Fig. 3 is a flowchart illustrating a device relative position information acquiring method according to another exemplary embodiment, which may be applied to a distributed conference system to acquire relative position information of devices in the system, where the devices include a microphone assembly and a speaker assembly, for example, the system may be the distributed conference system 100 shown in fig. 1. The system comprises a first device and a second device, wherein the first device comprises a first microphone assembly and a first loudspeaker assembly, and the second device comprises a second microphone assembly and a second loudspeaker assembly; the device relative position information acquisition method is executed by a first device. As shown in fig. 3, the method for acquiring relative location information of a device may include the steps of:

in step 301, the first device obtains a first time delay, where the first time delay is a time delay between the first device playing the first sound signal from the first speaker assembly and the first microphone assembly receiving the first sound signal.

In the embodiment of the present disclosure, the first device plays the first sound signal through the first speaker assembly, the first microphone assembly of the first device receives the first sound signal, and the period from playing to receiving is obtained as the first time delay.

Optionally, the first device may record a time point when the first speaker plays the first sound signal, record a time point when the first microphone assembly receives the first sound signal, and perform difference calculation on the two time points to obtain the first time delay.

In step 302, the first device obtains a second delay, where the second delay is a time delay from when the second sound signal is played by the second speaker to when the second sound signal is received by the first microphone assembly.

In this embodiment, the first device may obtain the time as the second time delay by obtaining a time point when the second speaker assembly emits the second sound signal and a time point when the first microphone assembly of the first device receives the second sound signal.

Optionally, the first device may obtain a time point when the second speaker plays the second sound signal, record a time point when the first microphone assembly receives the second sound signal, and obtain a difference between the time point when the first microphone assembly receives the second sound signal and the time point when the second speaker plays the second sound signal as the second time delay.

The first device may acquire a time point when the second speaker plays the second sound signal, where one of the two modes is that the first sound signal and the second sound signal are defaulted to have the same playing time, that is, the first device may directly acquire the time point when the first speaker plays the first sound signal as the time point when the second speaker plays the second sound signal; alternatively, the first device may be obtained through a data transmission channel connected with a second device through a wired or wireless connection, and the second device transmits a time point at which the second speaker plays the second sound signal.

In step 303, the first device receives a third delay and a fourth delay sent by the second device, where the third delay is a delay between the second sound signal being played from the second speaker assembly and the second sound signal being received by the second microphone assembly, and the fourth delay is a delay between the first sound signal being played from the first speaker assembly and the first sound signal being received by the second microphone assembly.

In the embodiment of the present disclosure, the first device receives, through a wired or wireless communication network, the third delay and the fourth delay obtained by the second device.

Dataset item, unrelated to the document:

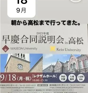 代表日記 私大最高峰 早慶合同説明会 「早慶合同説明会」に参加。私大最高峰の両大学に共通しているのは、「世界に通用する人材の育成」。両大学に関わっている私は良... 2023.09.20 2025.09.22 代表日記

The third delay may be a delay of receiving, by the second microphone assembly, the second sound signal played by the second speaker and obtained by the second device. The fourth time delay may be a time delay of the first sound signal played by the first speaker acquired by the second device being received by the second microphone assembly.

The periodic orthogonal signal may be any periodic orthogonal signal.

Step 304, the first device calculates a sound propagation delay generated by a distance between the first device and the second device according to the first delay, the second delay, the third delay and the fourth delay.

Optionally, the step of calculating, by the first device, the sound propagation delay generated by the distance between the first device and the second device may be as follows:

1) obtaining a first delay difference value, wherein the first delay difference value is a delay difference value between the fourth delay and the first delay.

2) And acquiring a second time delay difference value, wherein the second time delay difference value is a time delay difference value between the second time delay and the third time delay.

3) And averaging the first time delay difference value and the second time delay difference value to obtain the sound propagation time delay generated by the distance between the first equipment and the second equipment.

For example, if the first audio signal played by the first device is S_A(t), the second sound signal played by the second device is S_B(t) a first time delay of

A second time delay of

A third time delay of

A fourth time delay of

The equation relationship that can be obtained is:

wherein, tau^(T)Is the second device transmitting S_B(t) timing of the signal with respect to the first device transmitting S_A(t) time delay of the signal, τ^(S)Is the sound propagation delay caused by the distance between the first device and the second device.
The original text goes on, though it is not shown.